Petitioners allege that the payments are unlawful because any and all surplus revenues of PASNY must be utilized to provide the “lowest possible rates” to residential consumers (Public Authorities Law § 1005 ). Indeed, the amended petition alleges that the court should “order[ PASNY] to use any surplus from its operations relating to the Niagara Project for the benefit of residential consumers by lowering their rates below actual costs ” (emphasis added). The statute does not, however, require PASNY to reduce their rates below cost (see Auer v. Dyson, 125 Misc.2d 274, 277, affd 112 A.D.2d 803; Auer v. Dyson, 110 Misc.2d 943, 949).
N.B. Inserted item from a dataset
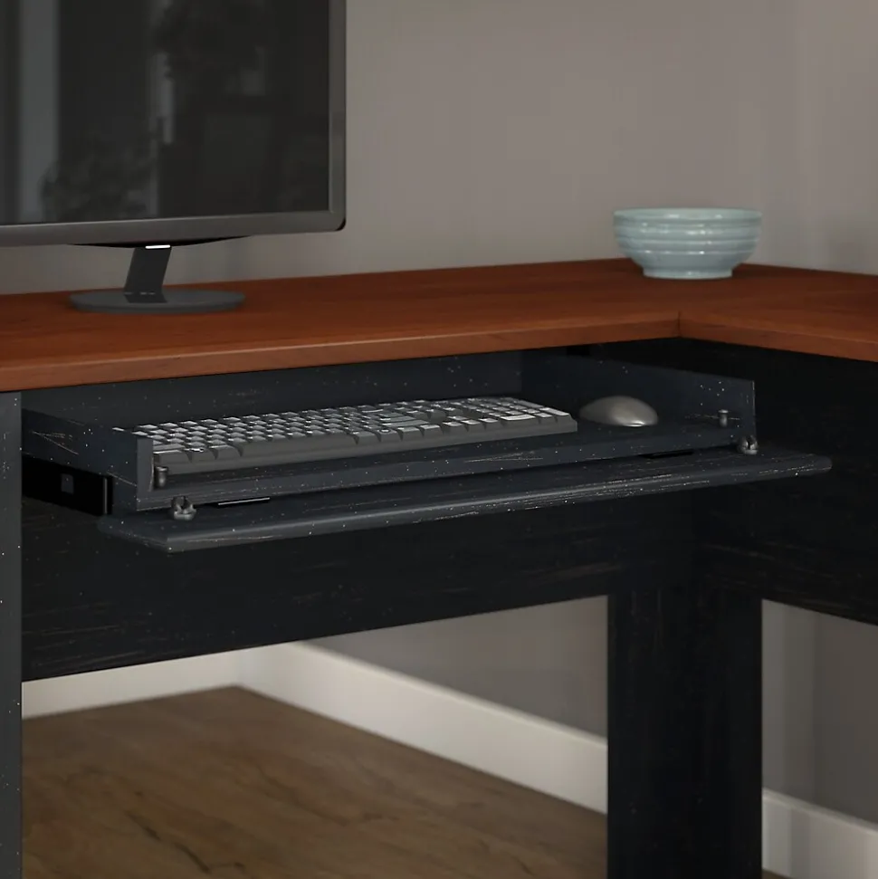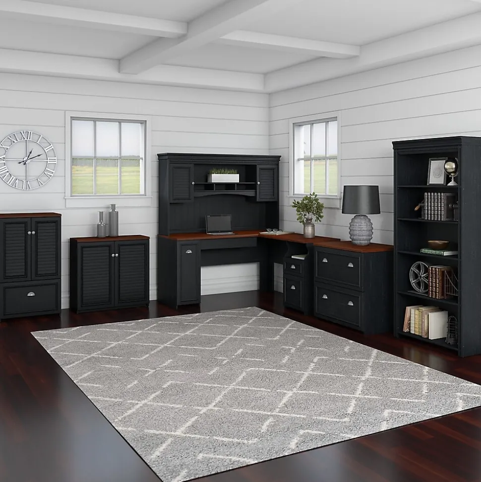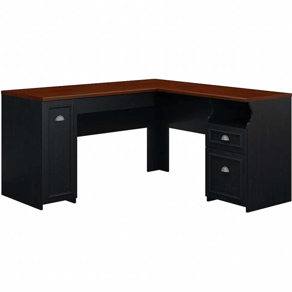 Bring a slice of modern farmhouse styling into your home office with the Bush Furniture Fairview L Shaped Desk. Spread out, surf the net and pay bills on the durable surface, and stash supplies in the box drawer or open storage space. Organize mail in the letter-size file drawer or vertical closed storage area, and store your laptop or keyboard in a drawer with a drop-down front. Antique Pewter hardware adds character to your home office. Attach the Hutch (sold separately) to either side of the L Shaped Desk to fit your needs. Available in attractive Antique Black with Hansen Cherry accents or Antique White with Tea Maple accents, Fairview meets ANSI/SOHO quality test standards for performance and safety, and comes with a 6 Year Manufacturer’s Warranty. See the full collection for coordinating items available, including the Hutch.

Indeed, so long as PASNY is providing preference power at cost, i.e., “at prices representing cost of generation, plus capital and operating charges, plus a fair cost of transmission ․ [in order to] assure the resale of such power to domestic and rural consumers at the lowest possible price” (§ 1005 ), PASNY has fulfilled its statutory mandate and there is nothing in the Public Authorities Law prohibiting it from contributing surplus funds to the State (see Auer, 110 Misc.2d at 949).